The Stress Neurobiology Research Program seeks to define the neural substrates that promote resilience to the detrimental/pathological effects of stressful life events. Activation of neural, endocrine, and behavioral responses to stress is necessary for survival. However, with repeated exposure to stress, activation of these responses becomes maladaptive and drives the etiology or progression of affective disorders and anxiety disorders including PTSD.

Thus, one branch of the research program focuses on defining the neural substrates that permit adaptation to repeated stress. However, only some stressed individuals are vulnerable to developing stress-related illness while others are resilient. The second branch of the Stress Neurobiology Research Program involves investigating the factors that contribute to vulnerability in certain individuals and resilience in others. The researchers are also intensively engaged in collaborations with clinicians to translate findings from animal models into human subjects undergoing various types of challenges.

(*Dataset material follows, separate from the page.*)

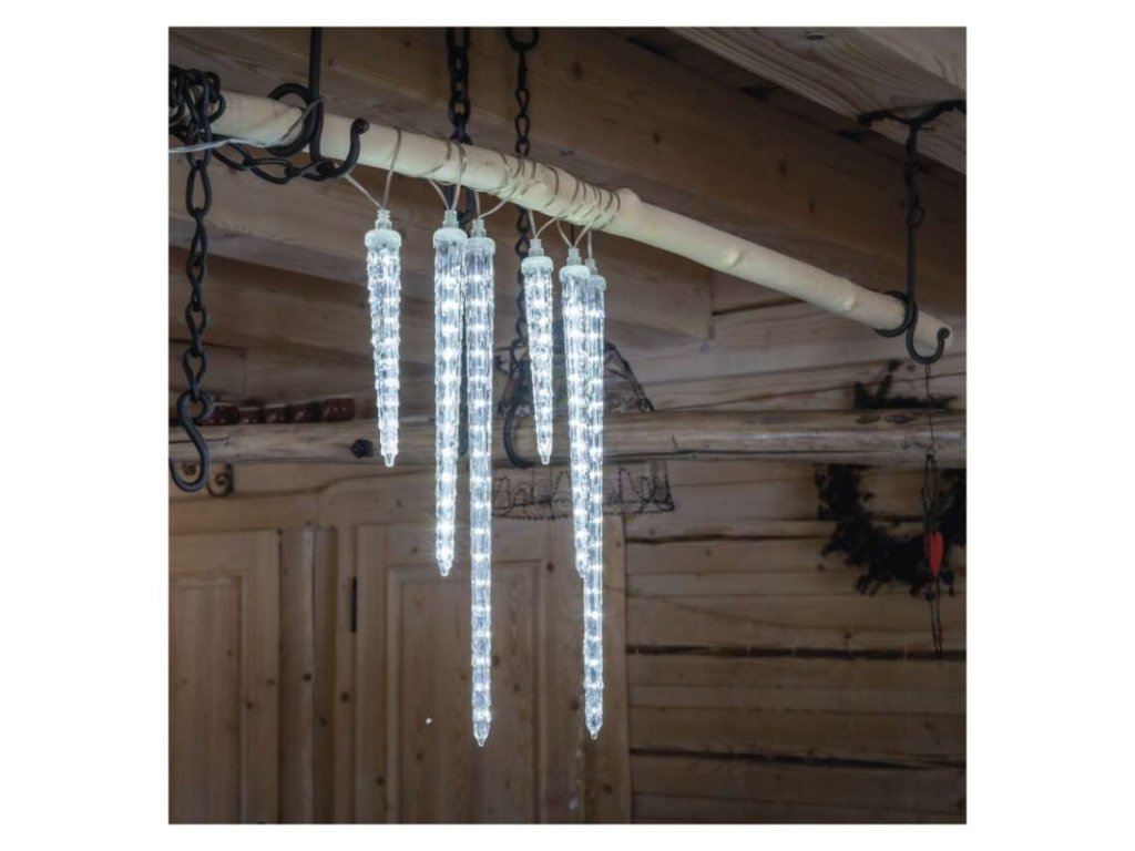 LED vánoční girlanda – rampouchy, 6 ks, 2 m, venkovní i vnitřní, studená bílá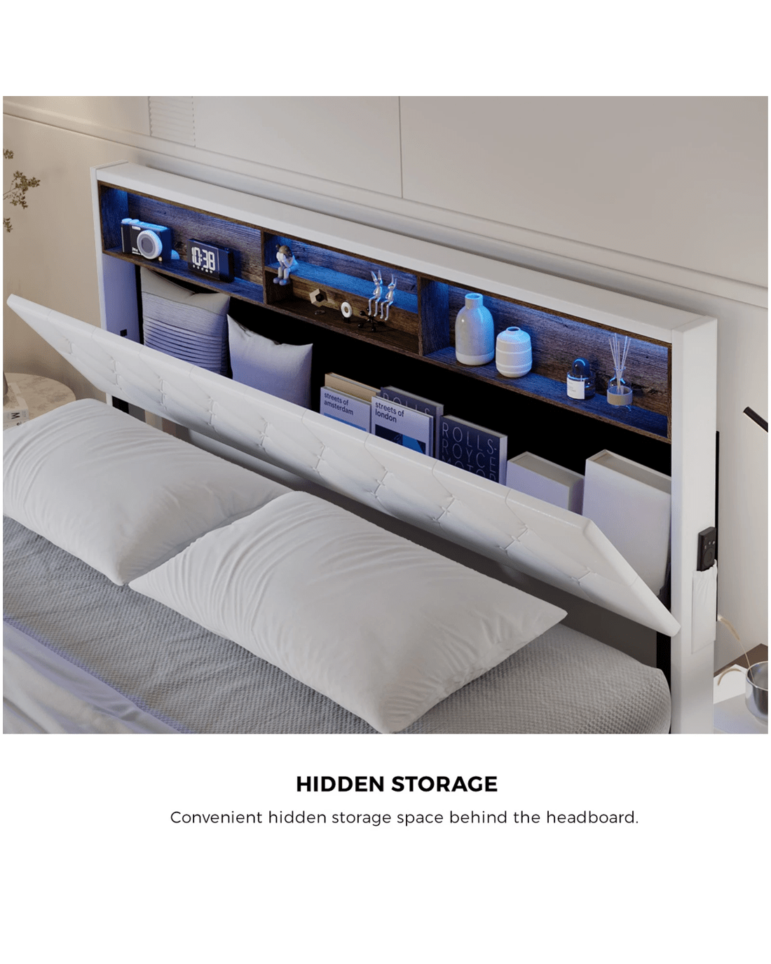 Hidden headboard storage

The overarching goals of our research program are to:

  • Define the neural circuits that promote resilience to the effects of stress across the lifespan
  • Promote the training and development of researchers in stress neurobiology
  • Serve as a resource for information and technical assistance to researchers interested in the effects of stress as part of their research program
  • Foster collaboration with clinical researchers in order to translate the preclinical data into human populations

Project Highlights

  • Examining inflammatory processes and vascular remodeling in limbic structures as substrates for vulnerability or resilience to stress between males and females and across the lifespan
  • Investigating the role of orexins/hypocretins in sex differences in adaptations to repeated stress
  • Examining network activity in limbic regions important for habituation to stress and coherence in activity across these regions in freely moving animals
  • Investigating molecular and network mechanisms underlying habituation to repeated stress in the paraventricular thalamic nucleus (PVT)
  • Examining biomarkers of resilience and vulnerability in human populations undergoing stress (sleep loss or combat exposure)
Leader
Seema Bhatnagar

Seema Bhatnagar, PhD

Investigator
Dr. Bhatnagar's research aims to further the understanding of the neural basis of individual differences in response to stressful experiences. This includes identifying neural substrates that produce resiliency or vulnerability to the effects of stress and determining treatments to mitigate vulnerability and to promote resiliency through both preclinical and translational studies.